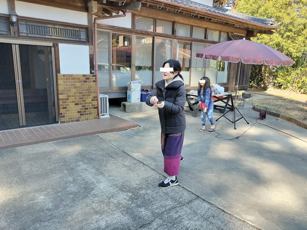 2月3日、駐車場でBBQをした後、豆まきをしました。
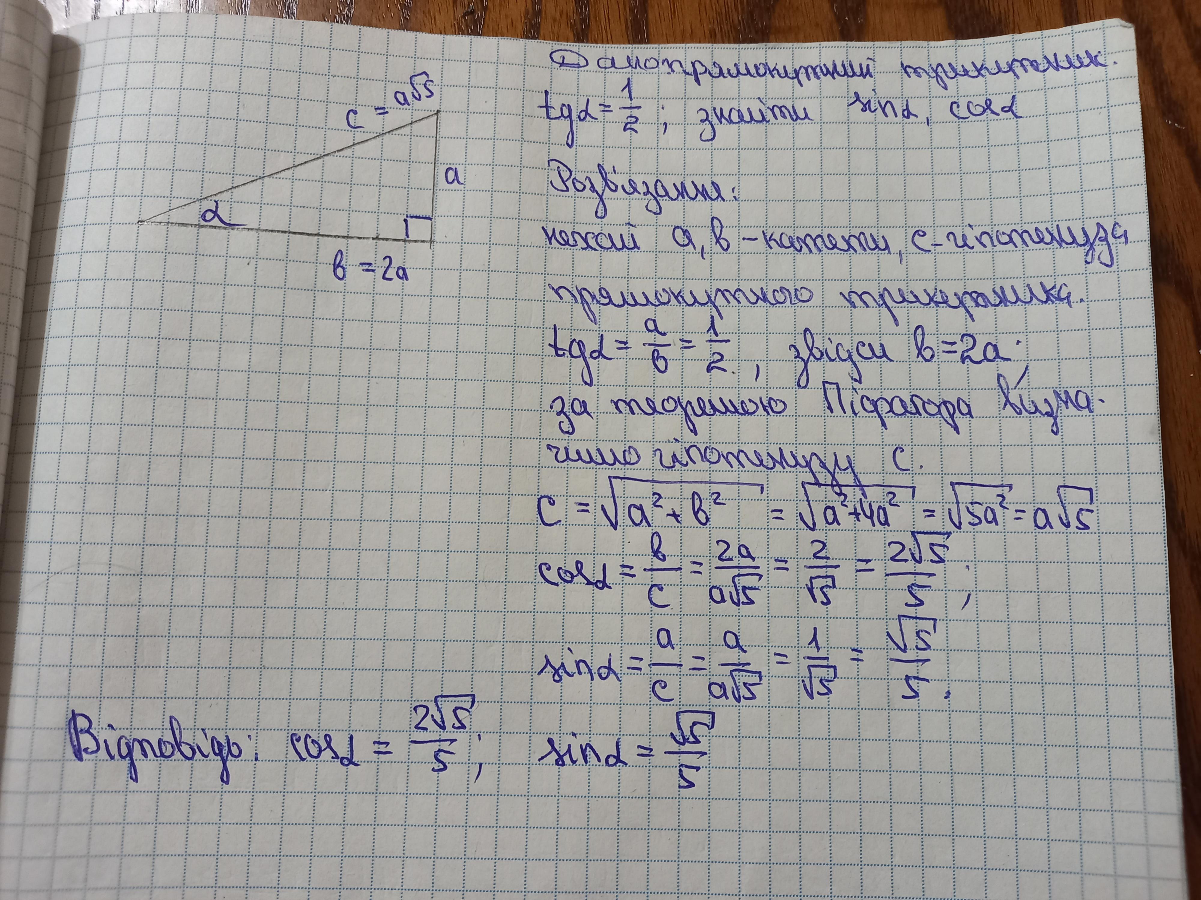 - Косинус острого угла прямоугольного треугольника равен отношению прилежащего катета к гипотенузе:
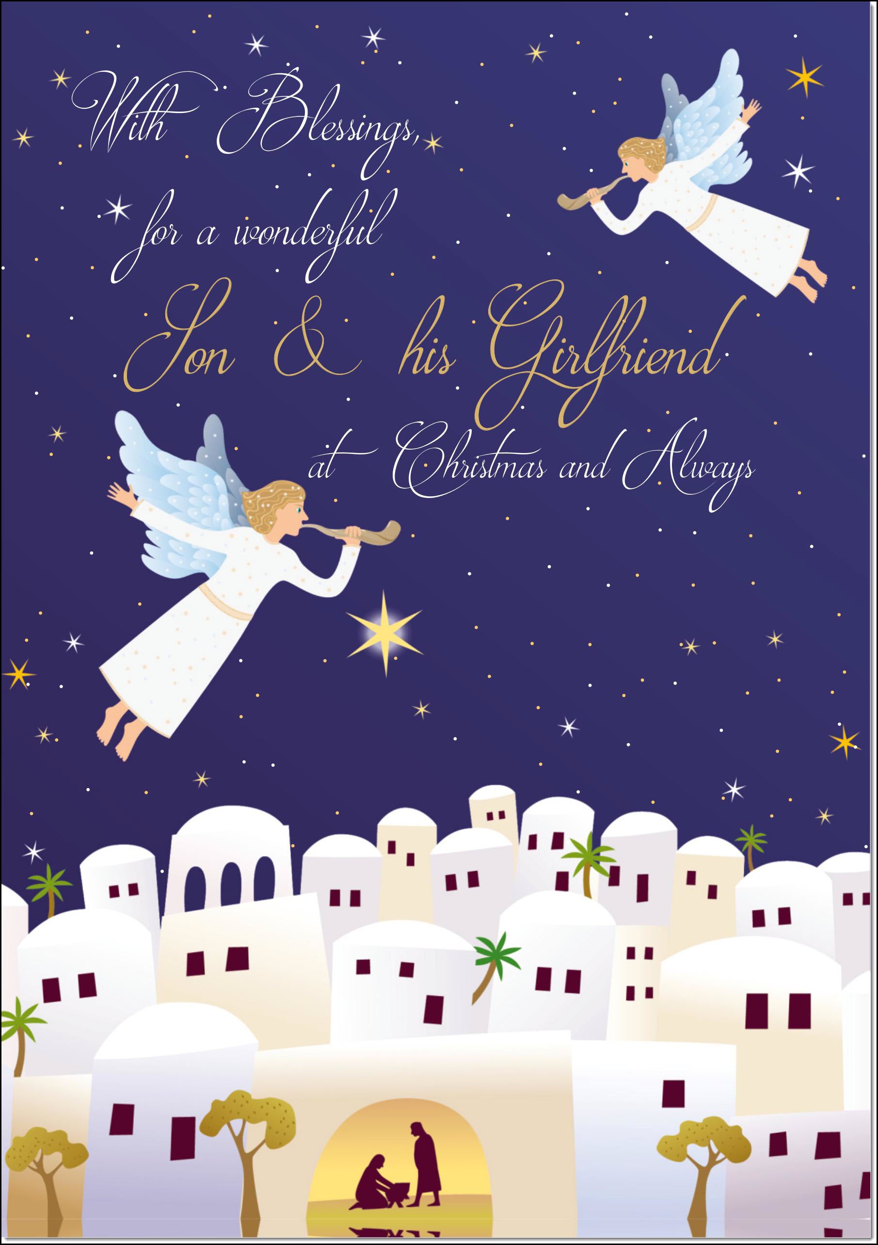 Son & Girlfriend Christmas Card Nativity Scene Angels Bethlehem

◆ ◆ ◆ ◆ ◆

Copy out the whole listing word for word, except for any picture it includes.

#### Task result
 2月3日、駐車場でBBQをした後、豆まきをしました。
 - Косинус острого угла прямоугольного треугольника равен отношению прилежащего катета к гипотенузе:
 Son & Girlfriend Christmas Card Nativity Scene Angels Bethlehem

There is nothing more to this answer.